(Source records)
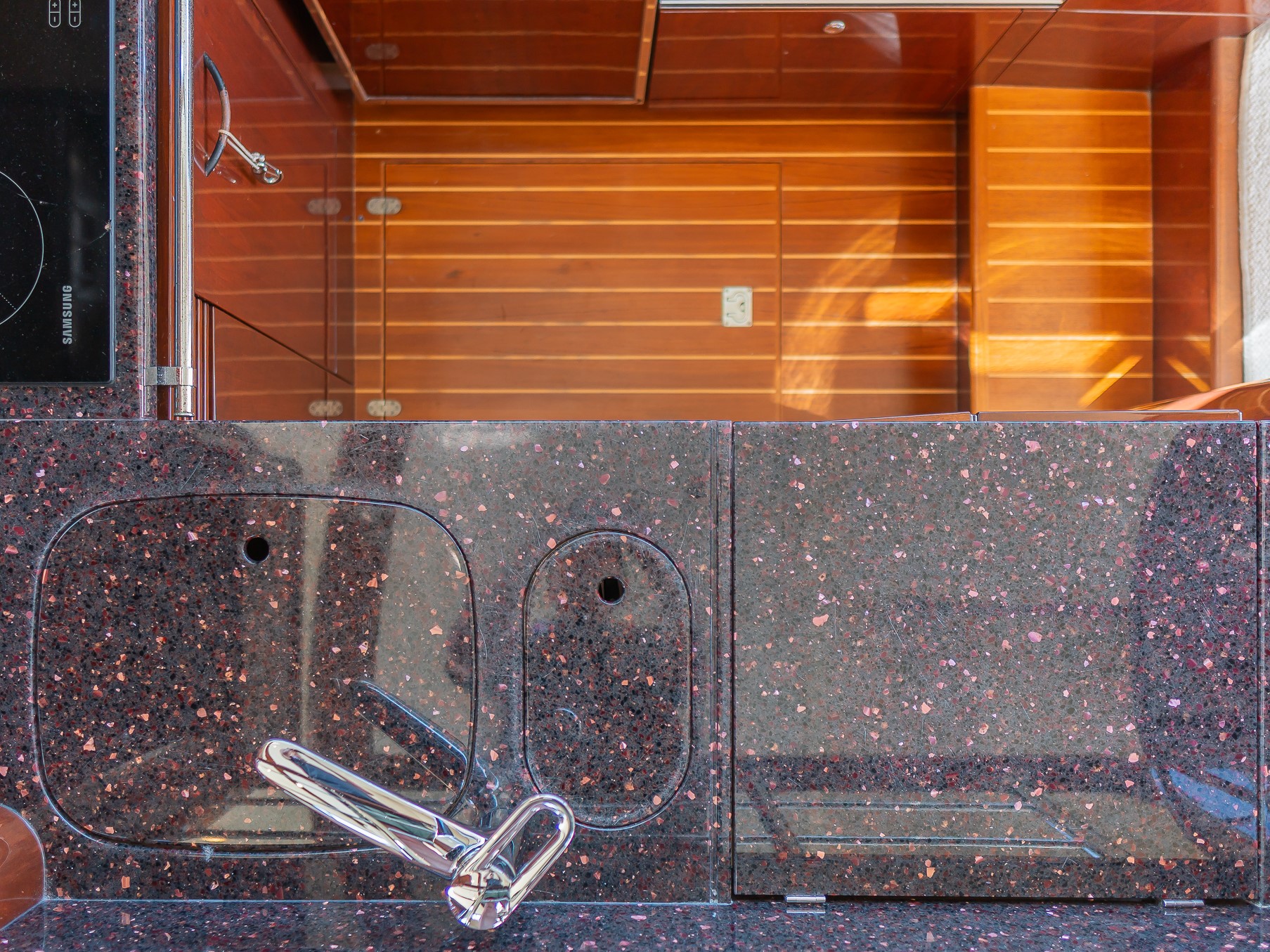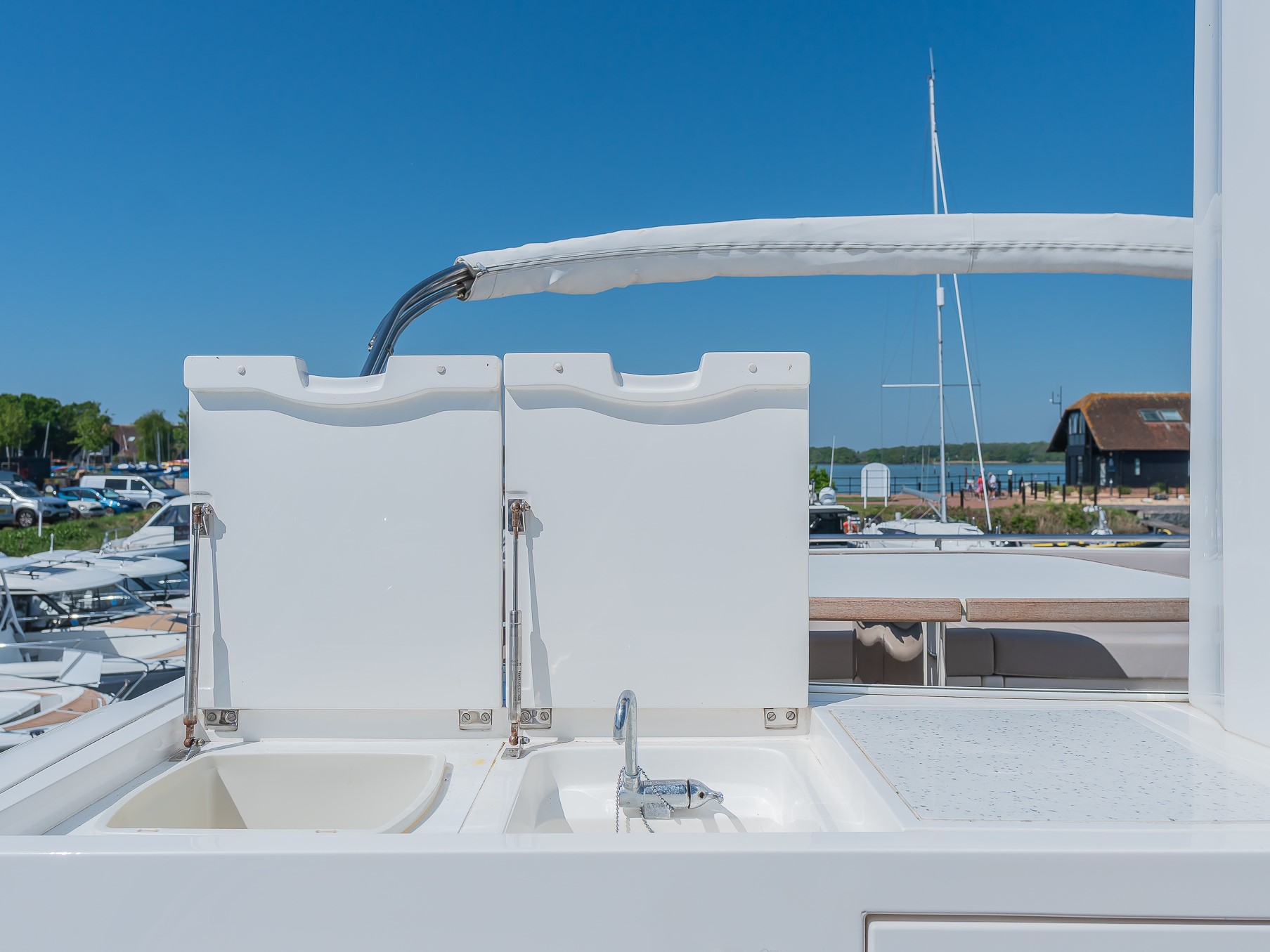 Galley behind helm to starboard equipped with Samsung 4-burner ceramic hob, Sharp microwave, fridge with small freezer compartment, twin sinks with hot and cold mixer tap, Avonite worktop, storage cupboards and drawers, dishwasher, deep storage under teak & holly flooring.
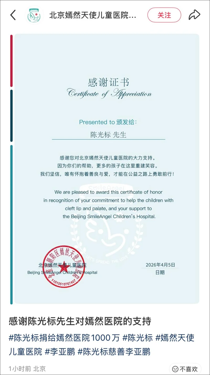 4月7日,“北京嫣然天使儿童医院体检中心”官方账号发布颁发给陈光标的感谢证书。
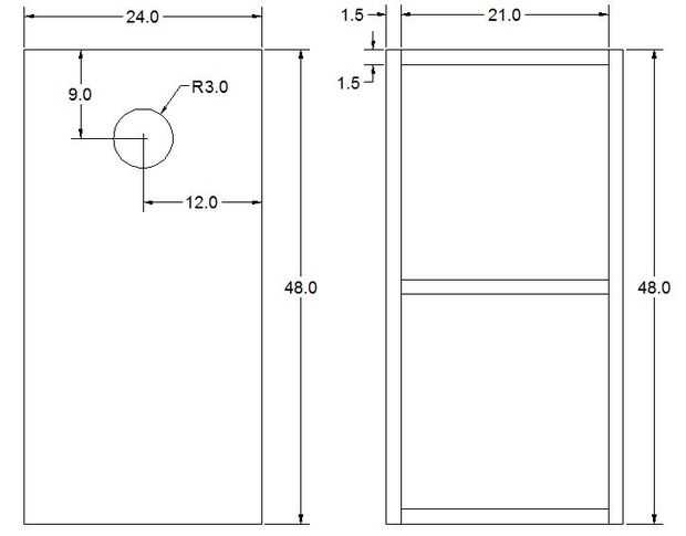 : #1 las dimensiones de cada bandeja es 2' x 4'. El agujero en el centro de cada placa es 6" de diámetro y está centrado en el 9" de la parte superior de la cubierta y 12" de cualquier lado. Cada fotograma consta de dos 48" longitudes de los lados y tres longitudes de 21" para la parte superior, media e inferior. Rasgó abajo 2 x 4 a 1-1/2 "x 1-1/2" usando una tabla vio reducir el peso total de los tableros y para ahorrar en madera.
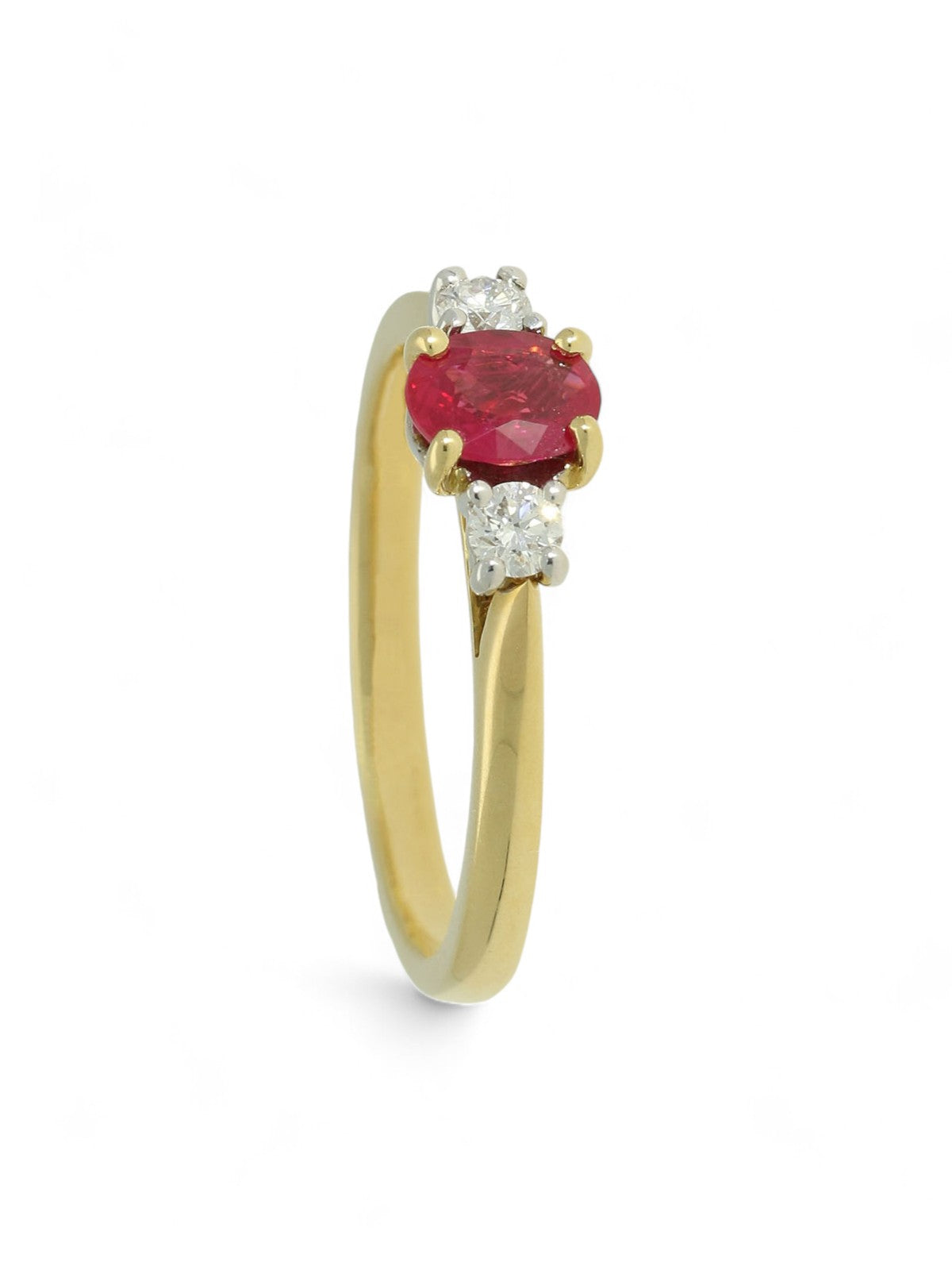Ruby & Diamond Round Brilliant Three Stone Ring in 18ct Yellow & White Gold
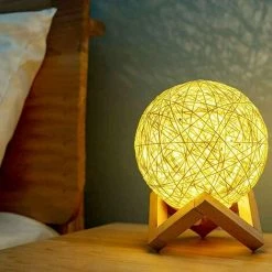 MINKUROW LED, Lampe De Chevet, Lampe D’Ambiance De Chambre En Rotin Et Bois, USB Rechargeable
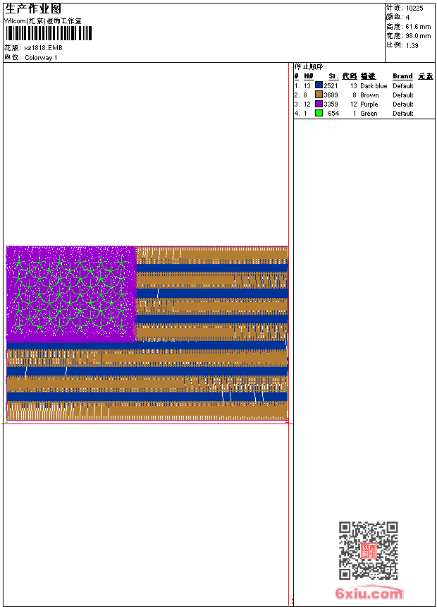 - 版带文件需绣花软件方可打开,可配色打印导出各种格式或直接上机绣。如无绣花软件可下载1:1模拟效果图。
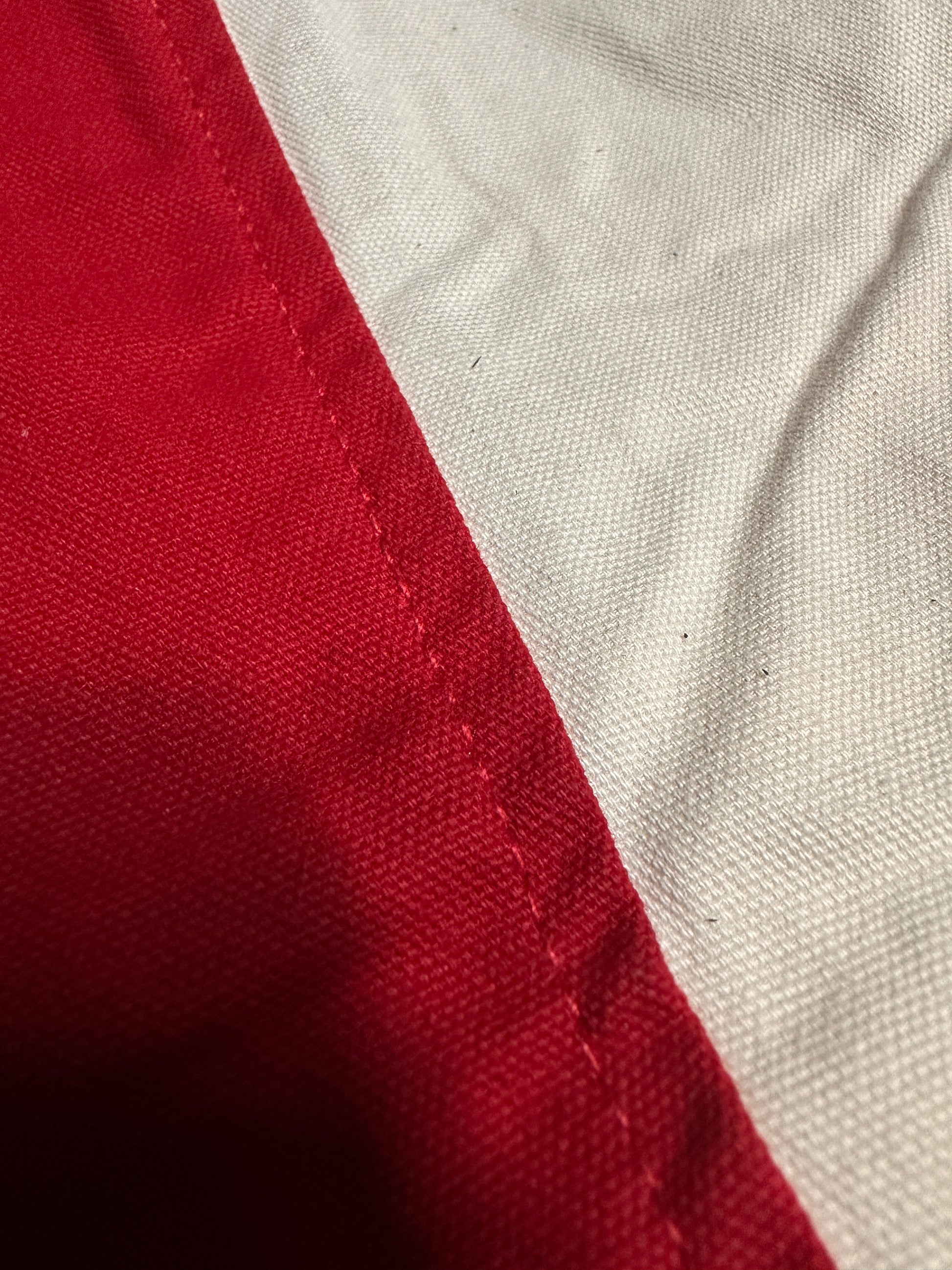 Hier handelt es sich um das reguläre Produkt in einer anderen Stoffqualität. Es ist ein fester relativ glatter Baumwollstoff. die Farben sind ein kräftiges Blutrot und ein helles Cremeweiß, heller als unsere Standardstoffe. Diese Teile werden so nicht wieder produziert und es gibt nur Hosen und Jacken in Restgrößen..

▶ [Task directions]: What you should produce is an exact copy of the records, with the pictures left out.

▶ [Answer to the problem]:
 Galley behind helm to starboard equipped with Samsung 4-burner ceramic hob, Sharp microwave, fridge with small freezer compartment, twin sinks with hot and cold mixer tap, Avonite worktop, storage cupboards and drawers, dishwasher, deep storage under teak & holly flooring.
 4月7日,“北京嫣然天使儿童医院体检中心”官方账号发布颁发给陈光标的感谢证书。
 : #1 las dimensiones de cada bandeja es 2' x 4'. El agujero en el centro de cada placa es 6" de diámetro y está centrado en el 9" de la parte superior de la cubierta y 12" de cualquier lado. Cada fotograma consta de dos 48" longitudes de los lados y tres longitudes de 21" para la parte superior, media e inferior. Rasgó abajo 2 x 4 a 1-1/2 "x 1-1/2" usando una tabla vio reducir el peso total de los tableros y para ahorrar en madera.
Ruby & Diamond Round Brilliant Three Stone Ring in 18ct Yellow & White Gold
 MINKUROW LED, Lampe De Chevet, Lampe D’Ambiance De Chambre En Rotin Et Bois, USB Rechargeable
 - 版带文件需绣花软件方可打开,可配色打印导出各种格式或直接上机绣。如无绣花软件可下载1:1模拟效果图。
 Hier handelt es sich um das reguläre Produkt in einer anderen Stoffqualität. Es ist ein fester relativ glatter Baumwollstoff. die Farben sind ein kräftiges Blutrot und ein helles Cremeweiß, heller als unsere Standardstoffe. Diese Teile werden so nicht wieder produziert und es gibt nur Hosen und Jacken in Restgrößen..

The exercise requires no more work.